> **ABOUT THIS EXERCISE**:
All that is wanted is the exact text of the lines below from the one with "- La caja de" through the one with "This bright and", inclusive, minus any pictures.

:: ENTRIES SUPPLIED ::

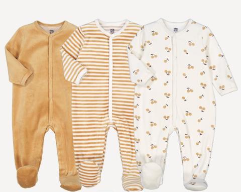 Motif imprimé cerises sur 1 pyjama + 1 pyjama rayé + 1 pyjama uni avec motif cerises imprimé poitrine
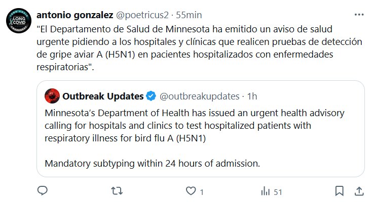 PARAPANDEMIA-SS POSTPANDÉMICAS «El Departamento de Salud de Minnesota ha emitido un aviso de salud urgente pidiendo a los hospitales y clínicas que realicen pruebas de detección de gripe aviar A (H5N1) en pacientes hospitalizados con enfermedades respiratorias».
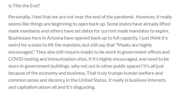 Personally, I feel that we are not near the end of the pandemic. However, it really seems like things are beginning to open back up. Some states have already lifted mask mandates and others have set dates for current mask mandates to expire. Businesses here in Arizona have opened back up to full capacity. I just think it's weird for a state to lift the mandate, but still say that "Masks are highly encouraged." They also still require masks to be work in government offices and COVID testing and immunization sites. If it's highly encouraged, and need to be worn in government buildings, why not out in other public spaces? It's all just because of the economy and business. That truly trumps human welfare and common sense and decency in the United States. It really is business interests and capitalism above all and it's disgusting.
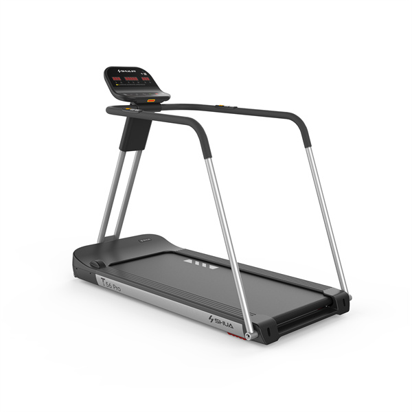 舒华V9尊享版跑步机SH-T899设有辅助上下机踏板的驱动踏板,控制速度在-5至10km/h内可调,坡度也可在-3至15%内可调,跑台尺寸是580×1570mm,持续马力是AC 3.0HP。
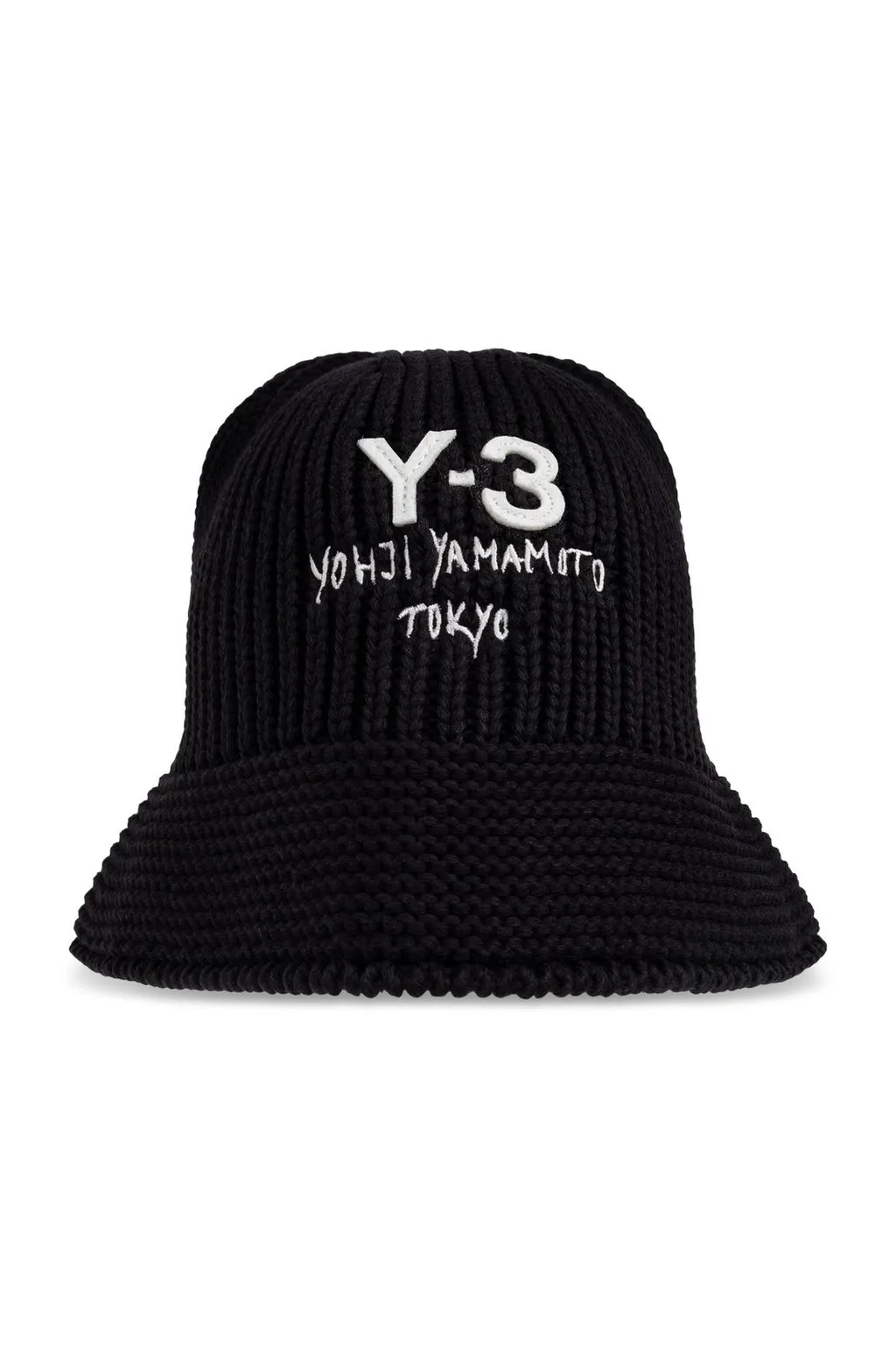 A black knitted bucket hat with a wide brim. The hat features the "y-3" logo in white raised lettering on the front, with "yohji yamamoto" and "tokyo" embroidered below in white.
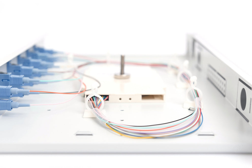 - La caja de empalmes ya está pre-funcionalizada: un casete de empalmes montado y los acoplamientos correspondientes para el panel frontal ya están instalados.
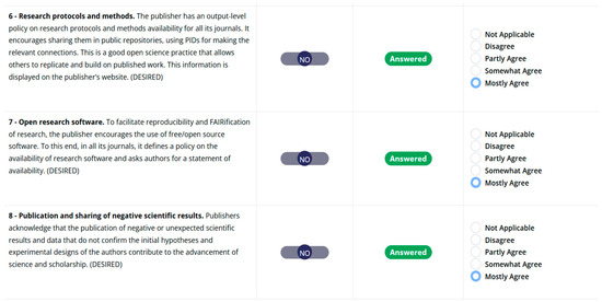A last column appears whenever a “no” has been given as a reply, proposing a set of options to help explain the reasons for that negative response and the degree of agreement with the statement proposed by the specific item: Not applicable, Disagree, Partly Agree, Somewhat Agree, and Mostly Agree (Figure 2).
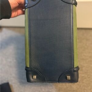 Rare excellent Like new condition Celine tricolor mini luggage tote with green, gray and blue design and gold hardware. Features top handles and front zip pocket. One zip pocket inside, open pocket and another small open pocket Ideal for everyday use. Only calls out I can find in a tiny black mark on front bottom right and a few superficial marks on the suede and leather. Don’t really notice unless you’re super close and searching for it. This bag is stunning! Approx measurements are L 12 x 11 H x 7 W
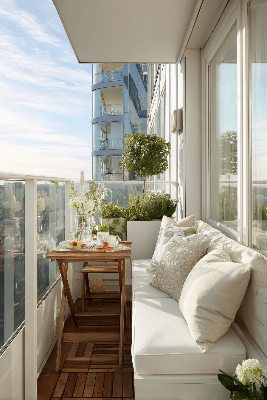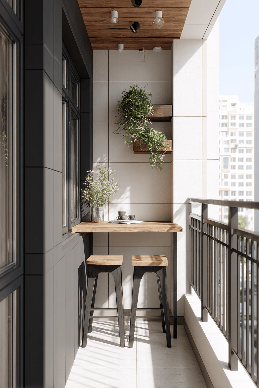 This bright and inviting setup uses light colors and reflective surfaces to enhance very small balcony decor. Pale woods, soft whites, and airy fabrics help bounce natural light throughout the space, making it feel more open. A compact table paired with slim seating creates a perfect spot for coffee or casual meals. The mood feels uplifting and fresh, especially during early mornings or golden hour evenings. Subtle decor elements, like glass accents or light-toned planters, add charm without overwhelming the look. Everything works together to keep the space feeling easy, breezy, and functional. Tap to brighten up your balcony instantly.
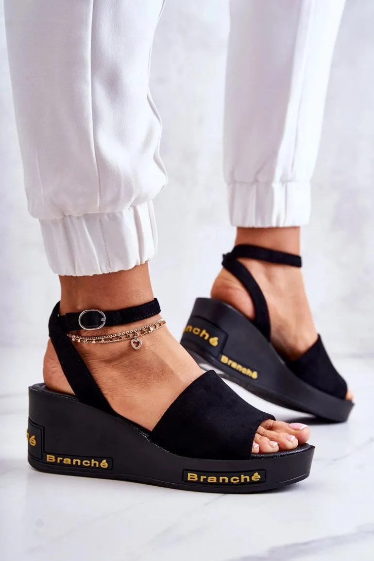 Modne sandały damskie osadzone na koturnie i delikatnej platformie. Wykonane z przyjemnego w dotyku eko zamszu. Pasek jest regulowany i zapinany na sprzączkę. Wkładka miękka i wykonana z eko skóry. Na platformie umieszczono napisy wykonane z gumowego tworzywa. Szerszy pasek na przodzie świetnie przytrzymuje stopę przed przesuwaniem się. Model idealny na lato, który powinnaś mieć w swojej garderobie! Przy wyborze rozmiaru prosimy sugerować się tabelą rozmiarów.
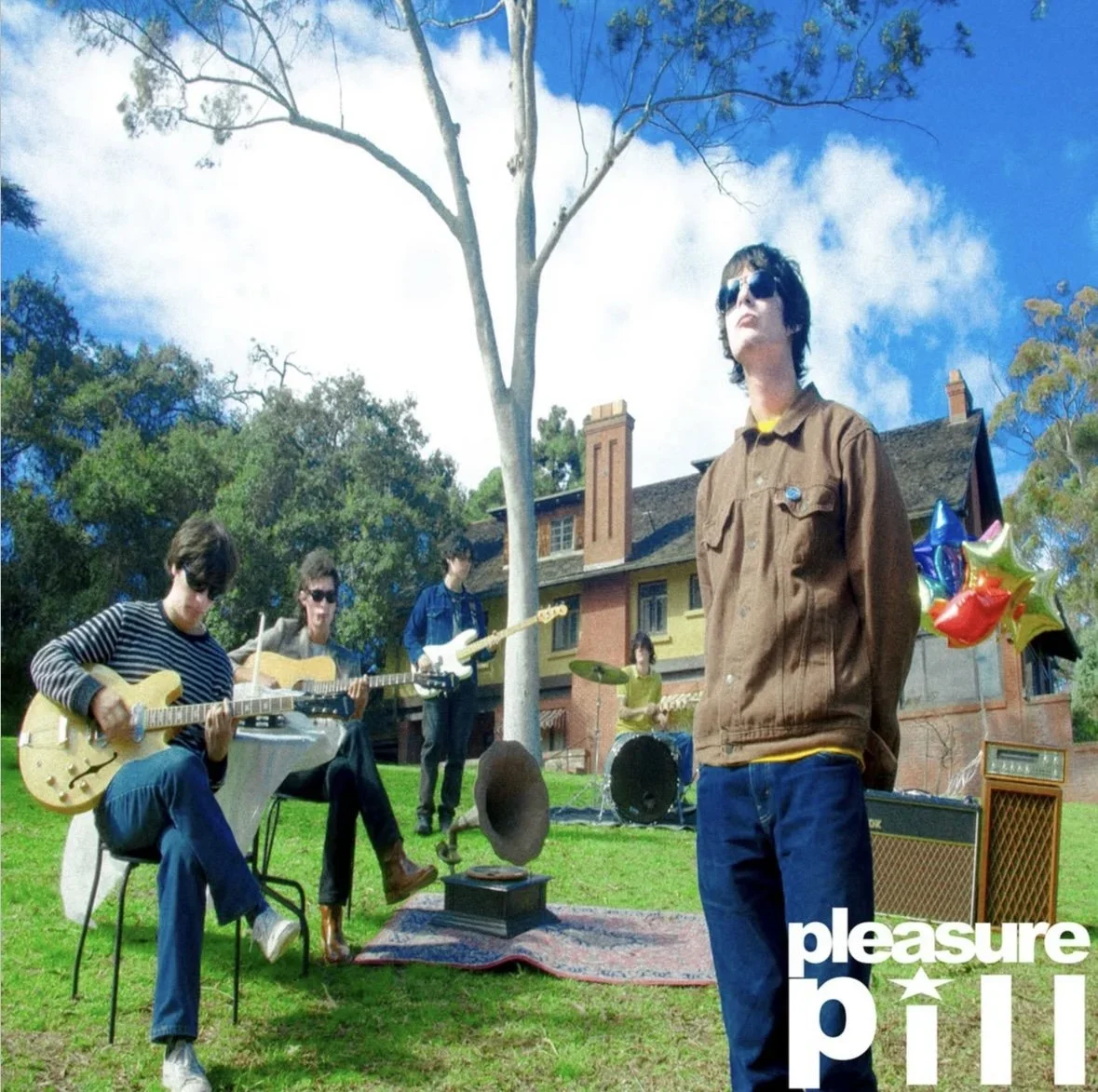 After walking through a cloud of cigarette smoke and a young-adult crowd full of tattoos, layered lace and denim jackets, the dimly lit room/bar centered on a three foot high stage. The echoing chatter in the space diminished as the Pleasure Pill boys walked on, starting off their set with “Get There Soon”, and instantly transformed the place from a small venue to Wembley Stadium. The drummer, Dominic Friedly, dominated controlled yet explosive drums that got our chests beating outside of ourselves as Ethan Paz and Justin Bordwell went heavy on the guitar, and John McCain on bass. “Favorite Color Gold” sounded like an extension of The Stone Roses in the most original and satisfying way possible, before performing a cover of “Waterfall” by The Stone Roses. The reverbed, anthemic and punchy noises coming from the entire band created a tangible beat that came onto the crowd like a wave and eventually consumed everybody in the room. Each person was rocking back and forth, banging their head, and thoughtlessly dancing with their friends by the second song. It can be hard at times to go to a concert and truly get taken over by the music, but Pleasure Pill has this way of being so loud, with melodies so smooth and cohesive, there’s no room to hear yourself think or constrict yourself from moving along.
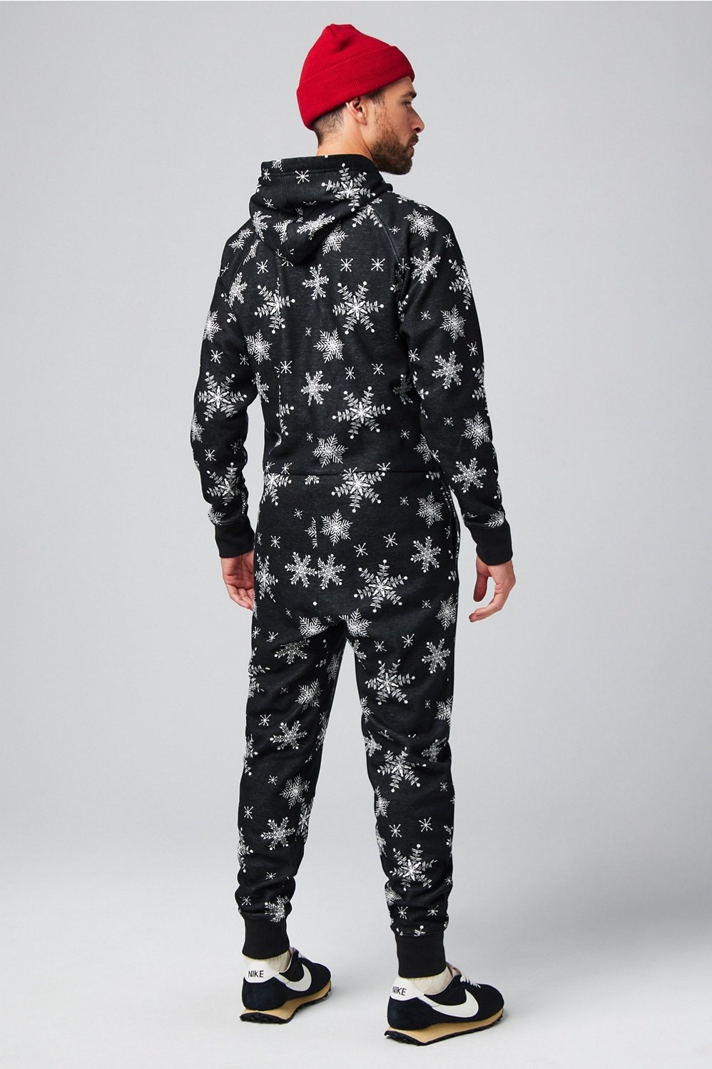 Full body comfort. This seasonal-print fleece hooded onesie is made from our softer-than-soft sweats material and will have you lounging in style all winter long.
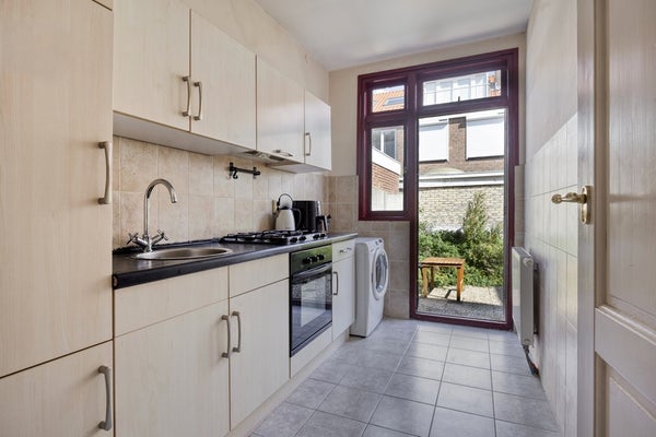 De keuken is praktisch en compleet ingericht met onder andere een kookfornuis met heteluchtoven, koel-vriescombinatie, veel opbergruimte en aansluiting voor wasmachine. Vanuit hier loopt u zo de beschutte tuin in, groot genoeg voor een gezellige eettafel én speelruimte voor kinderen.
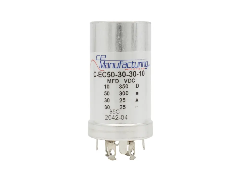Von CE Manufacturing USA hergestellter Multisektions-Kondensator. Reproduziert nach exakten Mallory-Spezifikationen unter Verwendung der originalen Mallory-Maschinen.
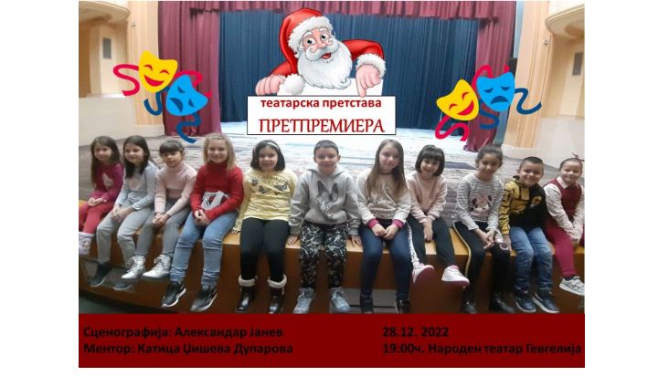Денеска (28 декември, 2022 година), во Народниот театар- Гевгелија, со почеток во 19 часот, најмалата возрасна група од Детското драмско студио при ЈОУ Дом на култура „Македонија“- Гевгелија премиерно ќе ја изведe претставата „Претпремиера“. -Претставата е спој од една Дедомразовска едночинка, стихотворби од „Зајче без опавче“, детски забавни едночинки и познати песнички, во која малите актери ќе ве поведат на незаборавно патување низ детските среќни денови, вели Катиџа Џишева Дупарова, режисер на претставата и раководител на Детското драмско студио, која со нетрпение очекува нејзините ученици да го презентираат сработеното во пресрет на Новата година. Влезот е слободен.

:::

> **COMPLETED TASK**:
 - La caja de empalmes ya está pre-funcionalizada: un casete de empalmes montado y los acoplamientos correspondientes para el panel frontal ya están instalados.
A last column appears whenever a “no” has been given as a reply, proposing a set of options to help explain the reasons for that negative response and the degree of agreement with the statement proposed by the specific item: Not applicable, Disagree, Partly Agree, Somewhat Agree, and Mostly Agree (Figure 2).
 Rare excellent Like new condition Celine tricolor mini luggage tote with green, gray and blue design and gold hardware. Features top handles and front zip pocket. One zip pocket inside, open pocket and another small open pocket Ideal for everyday use. Only calls out I can find in a tiny black mark on front bottom right and a few superficial marks on the suede and leather. Don’t really notice unless you’re super close and searching for it. This bag is stunning! Approx measurements are L 12 x 11 H x 7 W
 This bright and inviting setup uses light colors and reflective surfaces to enhance very small balcony decor. Pale woods, soft whites, and airy fabrics help bounce natural light throughout the space, making it feel more open. A compact table paired with slim seating creates a perfect spot for coffee or casual meals. The mood feels uplifting and fresh, especially during early mornings or golden hour evenings. Subtle decor elements, like glass accents or light-toned planters, add charm without overwhelming the look. Everything works together to keep the space feeling easy, breezy, and functional. Tap to brighten up your balcony instantly.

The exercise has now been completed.